Copy function transfers data fromSource Slicecopy toTarget Slice. It returns the number of elements copied.

Example

func main() {
    dst := []int{1, 2, 3}
    src := []int{4, 5, 6, 7, 8}
    n := copy(dst, src)

    fmt.Printf("dst: %v, n: %d", dst, n)
}

The copy function supports copying between Slices of different lengths. if the lengths are inconsistent, the copy will be made according to the minimum number of slice elements.

So how does this behavior of copying complete in the source code? Let’s look at the implementation of the source code together, as follows:

func slicecopy(to, fm slice, width uintptr) int {
    if fm.len == 0 || to.len == 0 {
        return 0
    }

    n := fm.len
    if to.len < n {
        n = to.len
    }

    if width == 0 {
        return n
    }

    ...

    size := uintptr(n) * width
    if size == 1 {
        *(*byte)(to.array) = *(*byte)(fm.array) // known to be a byte pointer
    } else {
        memmove(to.array, fm.array, size)
    }
    return n
}
  • If the source Slice or the target Slice has a length of 0, it will directly return 0 (because there is no need to perform replication at all)
  • The minimum Slice length is obtained by comparing two slices. Which is convenient for subsequent operation.
  • If Slice has only one element, the pointer’s characteristics are directly used for conversion.
  • If Slice is greater than one element, then fromfm.arrayCopysizeBytes toto.arrayAt the address of (overwrites the original value)

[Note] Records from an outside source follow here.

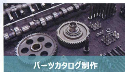
パーツカタログ制作

営業や販売現場のプロセスを整理し、最適化するための提言をします。現場のパフォーマンスの一貫性を維持することで、顧客獲得効率および再購入率アップが期待できます。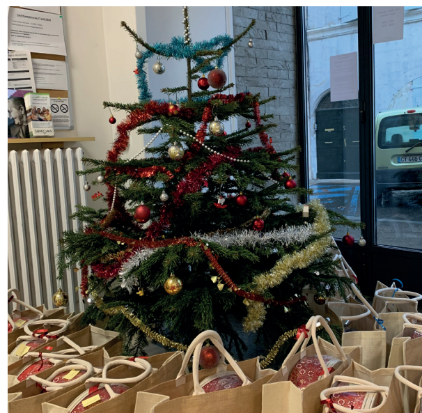
Distribution de paniers cadeaux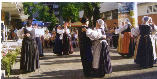
Folklorna skupina MČ Slavka Šlandra je skupaj z gosti krajanom priredila nepozaben večer.

Mestna četrt (MČ) Slavka Šlandra je dokaj urejen in

Initialization of “Strange”

There are two legends circulating in Slice, namely Empty and Nil Slice. next let’s look at their small differences.

Empty

func main() {
    nums := []int{}
    renums := make([]int, 0)
    
    fmt.Printf("nums: %v, len: %d, cap: %d\n", nums, len(nums), cap(nums))
    fmt.Printf("renums: %v, len: %d, cap: %d\n", renums, len(renums), cap(renums))
}

Output results:

nums: [], len: 0, cap: 0
renums: [], len: 0, cap: 0

Nil

func main() {
    var nums []int
}

Output results:

nums: [], len: 0, cap: 0

Think about it.

At first glance, emptysice and Nil Slice look exactly the same? Both len and cap are 0. Doesn’t seem to make any difference? Let’s look at the following code:

func main() {
    var nums []int
    renums := make([]int, 0)
    if nums == nil {
        fmt.Println("nums is nil.")
    }
    if renums == nil {
        fmt.Println("renums is nil.")
    }
}

What do you think is the output? As you may have thought, the final output:

nums is nil.

Why?

Empty

image

Nil

image

As can be seen from the diagram, there is an essential difference between the two. The pointers to the underlying arrays are different. nil Slice refers to Nil, and Empty Slice refers to the actual empty array address

You can think that Nil Slice refers to a nonexistent Slice and Empty Slice refers to an empty set. The meaning they represent is completely different.

Summary

According to this article, gosice is quite flexible. There is no need for you to manually expand the capacity, nor do you need to pay attention to how much you add and how much you subtract. Array is a dynamic reference and a great supplement to Go type, so it is more and more convenient to use in applications.

Although there are some “pits” to be noticed, they are actually reasonable. What do you think?